Vücudumuzdaki bazı hücreler, tüycüğü andıran yapılara sahiptir. Bu tüycüklerin tek görevi hücreyi hareket ettirmektir. Örneğin erkek üreme hücreleri olan spermler, bir tüycük olan kamçılarını yüzmek için kullanırlar. Tüycükler bazen de solunum hücrelerinde olduğu gibi başka birşeyi hareket ettirmeye yararlar. Örneğin solunum hücrelerinin her biri yüzden fazla tüycüğe sahiptir. Bu tüycüklerin sürekli hareket ettirilmesiyle birlikte solunum yollarında biriken mukus sıvısı yukarı doğru itilmiş olur. Böylece solunum yollarından içeri kaçan küçük parçacıkların, mukus yoluyla dışarı atılması sağlanır.

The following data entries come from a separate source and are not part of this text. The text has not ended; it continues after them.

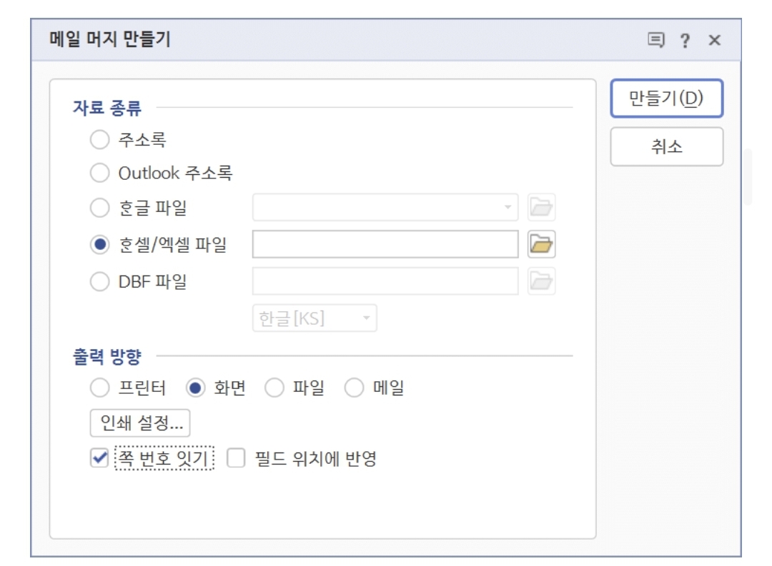 모든 설정이 완료되면, 메일 머지 기능을 사용하여 주소록 데이터를 문서에 적용합니다. 상단 메뉴에서 도구 > 메일 머지 > 메일 머지 만들기를 선택하거나, 단축키 Alt + M을 사용합니다. 파일을 선택할 때, 파일이 열려 있지 않은지 확인해야 합니다. 파일이 열려 있으면 오류가 발생할 수 있으므로, 반드시 닫은 상태에서 작업을 진행하세요. 출력 방향을 '화면으로' 설정하면 미리보기를 통해 최종 확인이 가능합니다.
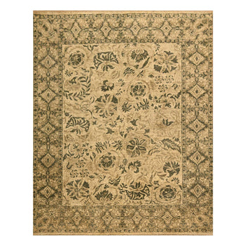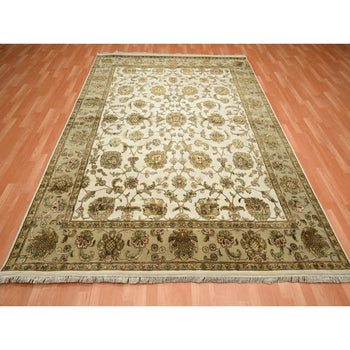 7'8"X10' White Rajasthan With Leaf Design Wool And Silk Hand Knotted Rug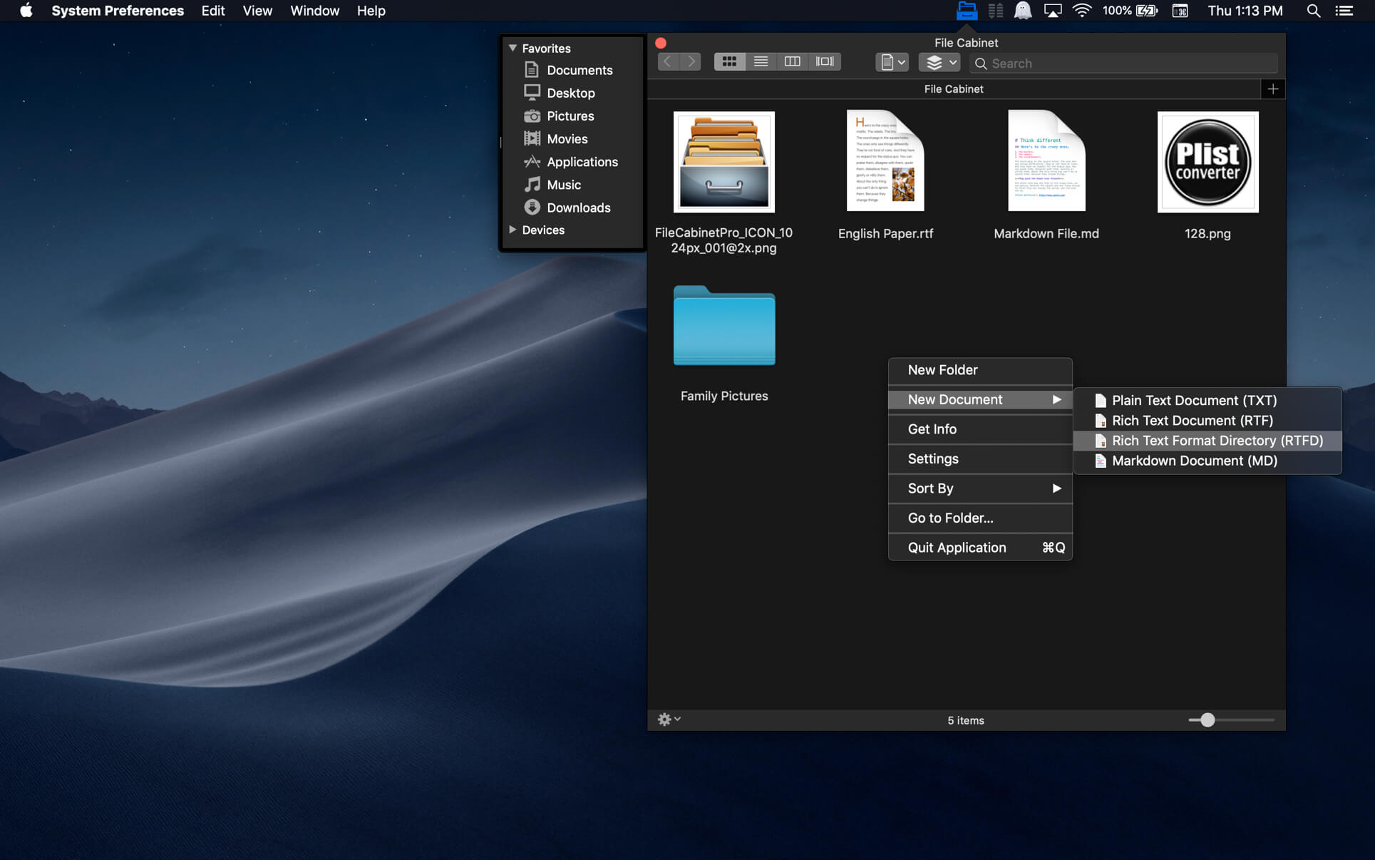 File Cabinet Pro is the file manager for the macOS menu bar. Quickly navigate to files without cluttering your desktop. Open, move, rename, compress, tag, trash, copy and paste files, all from the menu bar. You can open many file types natively in File Cabinet Pro or open files by launching other applications. It's easy to click into directories in icon view, drill through directories in list view, or navigate the file tree in column view.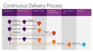 O documento aborda estratégias de Continuous Delivery (CD) destacando a importância da integração contínua (CI) e das práticas DevOps para permitir liberações de software a qualquer momento. São apresentadas diferentes estratégias de branching, além da necessidade de colaboração e automação em todo o processo de entrega. Ferramentas como Azure DevOps são sugeridas para otimizar planejamento, colaboração e entrega ágil.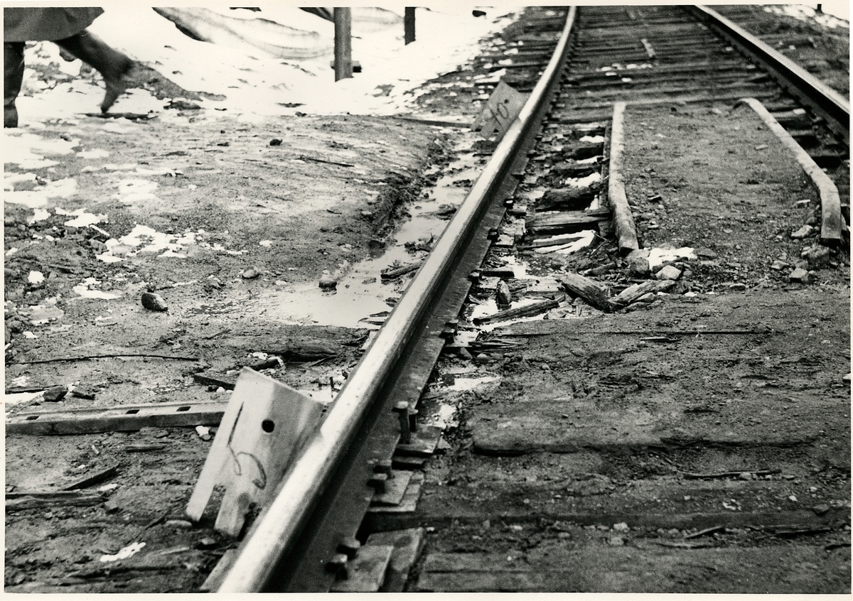 Titel: Del av bangården efter olyckan 1956-03-29 då tåg 93, 'Nordpilen, spårade ur vid Granbo station.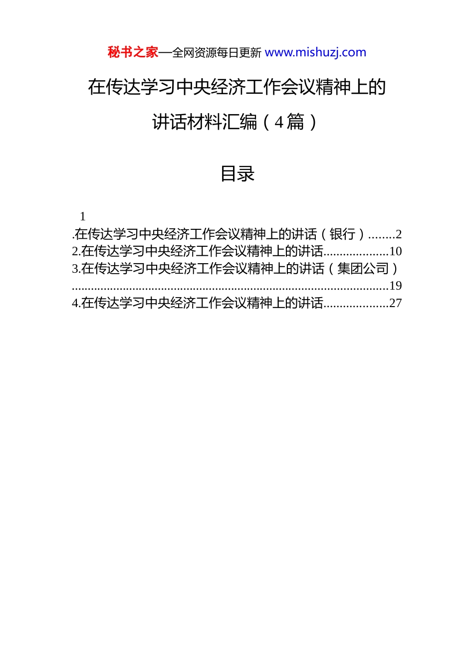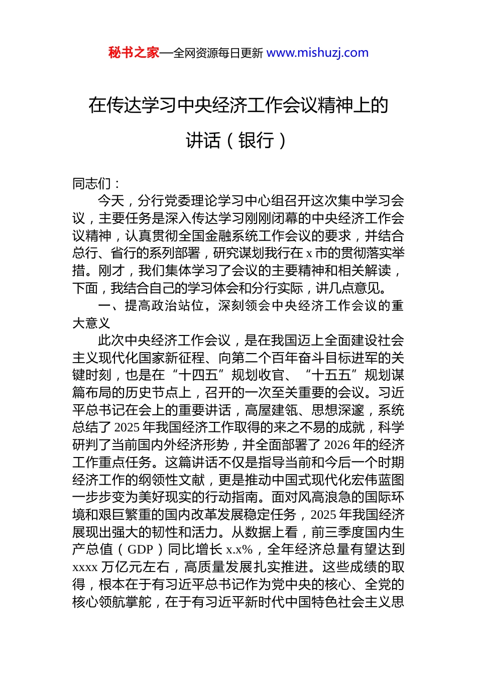 秘书之家—全网资源每日更新 www.mishuzj.com在传达学习中央经济工作会议精神上的讲话材料汇编(4 篇)目录1.在传达学习中央经济工作会议精神上的讲话(银行)........22.在传达学习中央经济工作会议精神上的讲话....................103.在传达学习中央经济工作会议精神上的讲话(集团公司)...................................................................................................194.在传达学习中央经济工作会议精神上的讲话....................27秘书之家—全网资源每日更新 www.mishuzj.com在传达学习中央经济工作会议精神上的讲话(银行)同志们:今天,分行党委理论学习中心组召开这次集中学习会议,主要任务是深入传达学习刚刚闭幕的中央经济工作会议精神,认真贯彻全国金融系统工作会议的要求,并结合总行、省行的系列部署,研究谋划我行在 x 市的贯彻落实举措。刚才,我们集体学习了会议的主要精神和相关解读,下面,我结合自己的学习体会和分行实际,讲几点意见。一、提高政治站位,深刻领会中央经济工作会议的重大意义此次中央经济工作会议,是在我国迈上全面建设社会主义现代化国家新征程、向第二个百年奋斗目标进军的关键时刻,也是在“十四五”规划收官、“十五五”规划谋篇布局的历史节点上,召开的一次至关重要的会议。习近平总书记在会上的重要讲话,高屋建瓴、思想深邃,系统总结了 2025 年我国经济工作取得的来之不易的成就,科学研判了当前国内外经济形势,并全面部署了 2026 年的经济工作重点任务。这篇讲话不仅是指导当前和今后一个时期经济工作的纲领性文献,更是推动中国式现代化宏伟蓝图一步步变为美好现实的行动指南。面对风高浪急的国际环境和艰巨繁重的国内改革发展稳定任务,2025 年我国经济展现出强大的韧性和活力。从数据上看,前三季度国内生产总值(GDP)同比增长 x.x%,全年经济总量有望达到xxxx 万亿元左右,高质量发展扎实推进。这些成绩的取得,根本在于有习近平总书记作为党中央的核心、全党的核心领航掌舵,在于有习近平新时代中国特色社会主义思秘书之家—全网资源每日更新 www.mishuzj.com想的科学指引。会议深刻总结了新时代做好经济工作的规律性认识,凝练为“五个必须”。即:必须把坚持高质量发展作为新时代的硬道理,完整、准确、全面贯彻新发展理念;必须坚持深化供给侧结构性改革和着力扩大有效需求协同发力,使国内大循环建立在内需主动力的基础上;必须坚持依靠改革开放增强发展内生动力,统筹推进深层次改革和高水平开放;必须坚持高质量发展和高水平安全良性互动,以高水平安全保障高质量发展;必须把推进中国式现代化作为最大的政治,聚焦经济建设这一中心工作和高质量发展这一首要任务。这“五个必须”既是过去实践的深刻总结,也是未来行动的根本遵循,是我们金融从业者必须深入骨髓、融入血脉的认识论和方法论。作为国有大行在地方的分支机构,学习贯彻中央经济工作会议精神,是我们当前和今后一个时期的首要政治任务。全行上下必须将思想和行动统一到党中央对经济形势的重大判断和决策部署上来,将学习成果与贯彻党的二十大和二十届历次全会精神结合起来,与落实总省行工作要求结合起来,找准我行服务 x 市高质量发展的切入点和着力点,切实履行好国有大行的责任担当。二、聚焦重点任务,奋力谱写金融服务 x 高质量发展新篇章习近平总书记指出,做好明年经济工作,要坚持稳中求进、以进促稳、先立后破。会议明确了“八个坚持”的重点任务,为我们指明了主攻方向。全行必须闻令而动,对标对表,将中央的宏观政策蓝图转化为我行服务的具体施工图,为 x 市在“十五五”时期实现良好开局贡献坚实的金融力量。第一,坚持党的领导,以高质量党建引领高质量发展。金融是国之重器,金融工作的政治性、人民性决定了必须毫不动摇地坚持和加强党对金融工作的全面领导。这是我们一切工作的根本保证。要始终把政治建设摆在首秘书之家—全网资源每日更新 www.mishuzj.com位。全行各级党组织和全体党员干部要深刻领悟“两个确立”的决定性意义,增强“四个意识”、坚定“四个自信”、做到“两个维...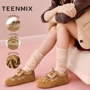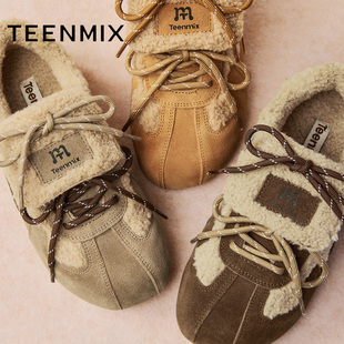 2025冬新款 女运动休闲鞋 BL951DM5 德训鞋 天美意复古厚底加绒毛毛鞋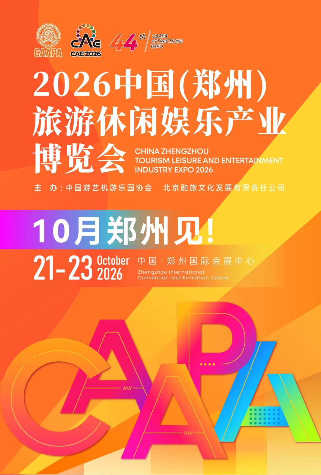 第44届CAAPA游乐设施设备博览会-2026中国(郑州)旅游休闲娱乐产业博览会将于2026年10月21-23日在郑州国际会展中心举办,规模超4.5万平米,预计参展企业500余家、专业买家5万人。中国国际游乐设施设备博览会(CAE)已成功举办43届,是中国游艺机游乐园协会(CAAPA)打造的品牌活动,每年吸引来自全球40多个国家和地区的10余万专业买家前往参观和采购,是国际旅游行业最具口碑和影响力的专业品牌展之一。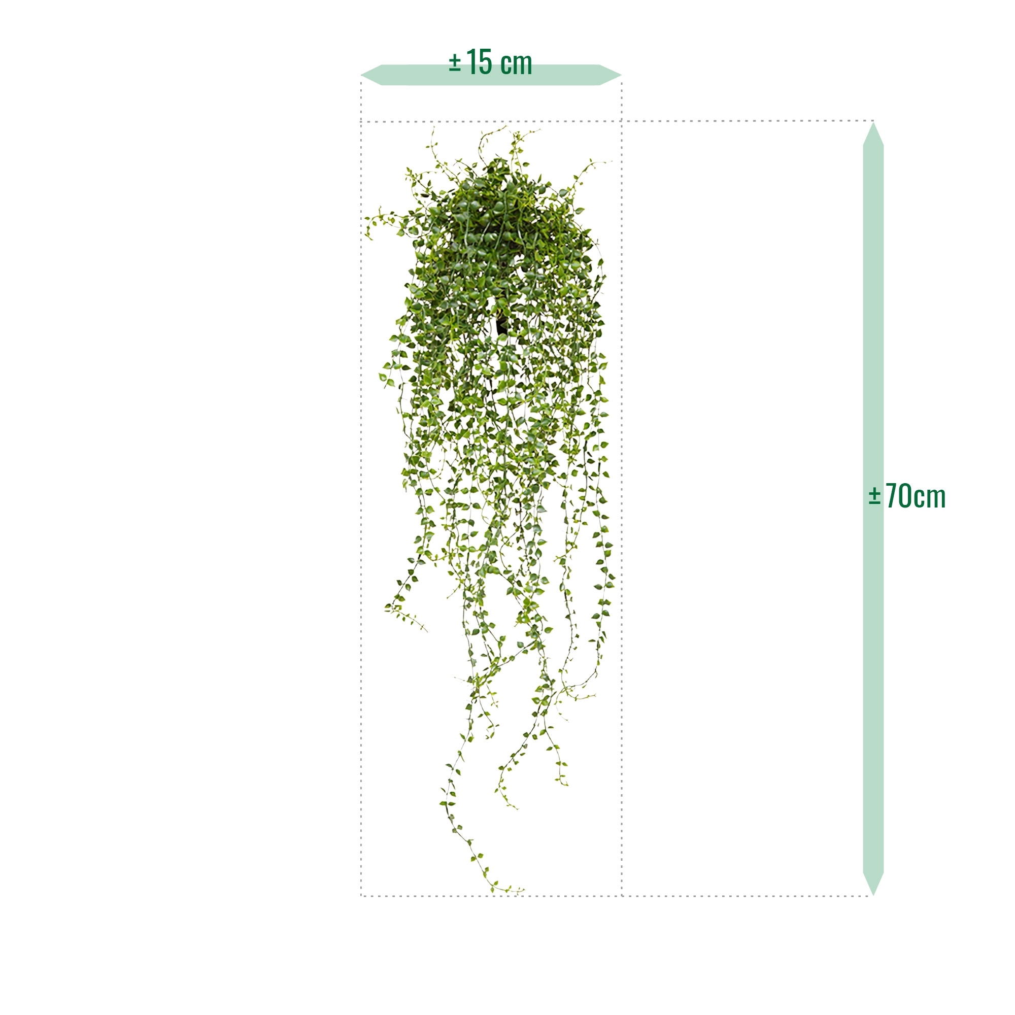 Questa pianta ricadente artificiale Callisia Repens, nota anche come pianta tartaruga, è una pianta ricadente divertente e saltellante che può stare sia su un mobile che essere messa in un vaso. Il pendente artificiale è realizzato interamente in plastica, a c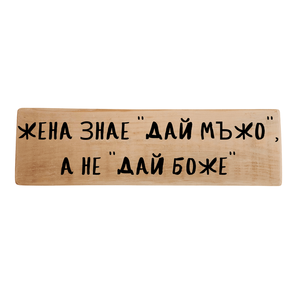 Тази ръчно изработена табела с надпис „Жена знае "Дай мъжо", а не "Дай Боже"“ е създадена за дами, които не чакат чудеса… а си ги искат директно. Стои супер в дома и веднага става тема за разговор. Подарък с гарантирани усмивки!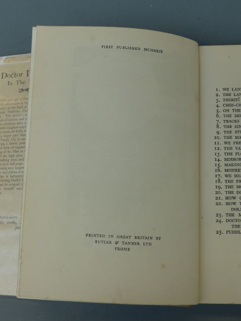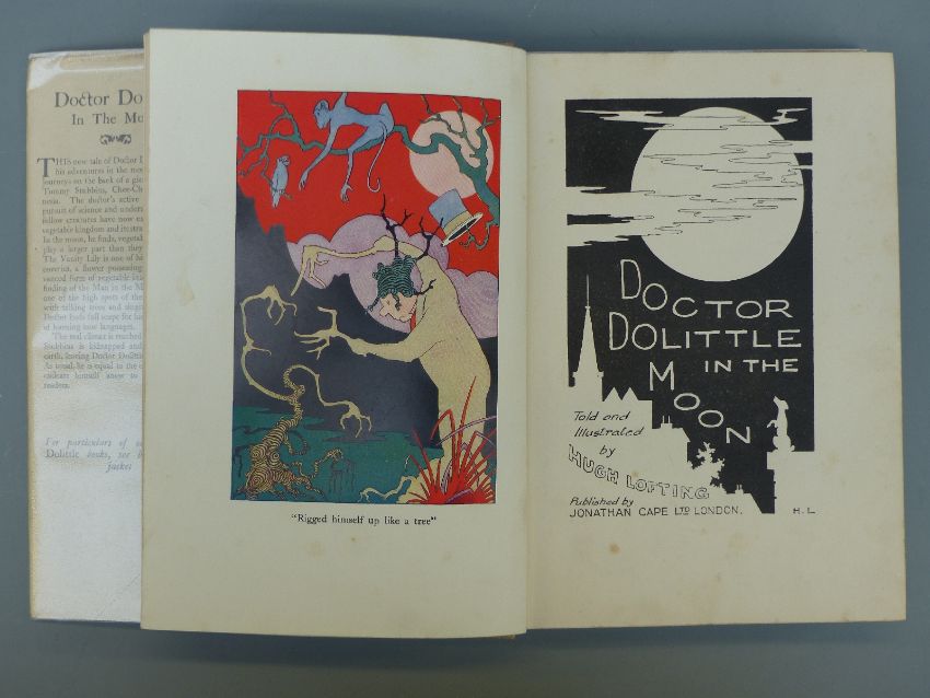 Hugh Lofting Doctor Dolittle In The Moon published Jonathan Cape 1929 first edition with 2 plates in colour and other illustrations, original cloth, in colour decorated dust wrapper

Tüycüklerin Kompleks Yapısı

Tüycükler mikroskobiktir, ancak oldukça kompleks bir yapıları vardır. Bir tüycük diklemesine kesildiğinde ve elektron mikroskobu altında incelendiğinde, çubuk seklindeki dokuz ayrı yapıdan oluştuğu görülecektir. "Mikrotüp" olarak adlandırılan bu çubuklar, iç içe geçmiş iki ayrı halkadan oluşurlar. Halkalardan birincisi 13 ayrı telden oluşur. İkinci halkayı oluşturan tellerin sayısı ise 10'dur. Mikrotüpleri oluşturan ana madde "tübilin" adi verilen proteinlerdir. Ayrıca mikrotübün "dinein" isimli bir proteine sahip dış kol ve iç kol denen iki uzantısı da vardır. Dinein proteininin görevi ise hücreler arasında motor görevi yapmak ve mekanik bir güç oluşturmaktır.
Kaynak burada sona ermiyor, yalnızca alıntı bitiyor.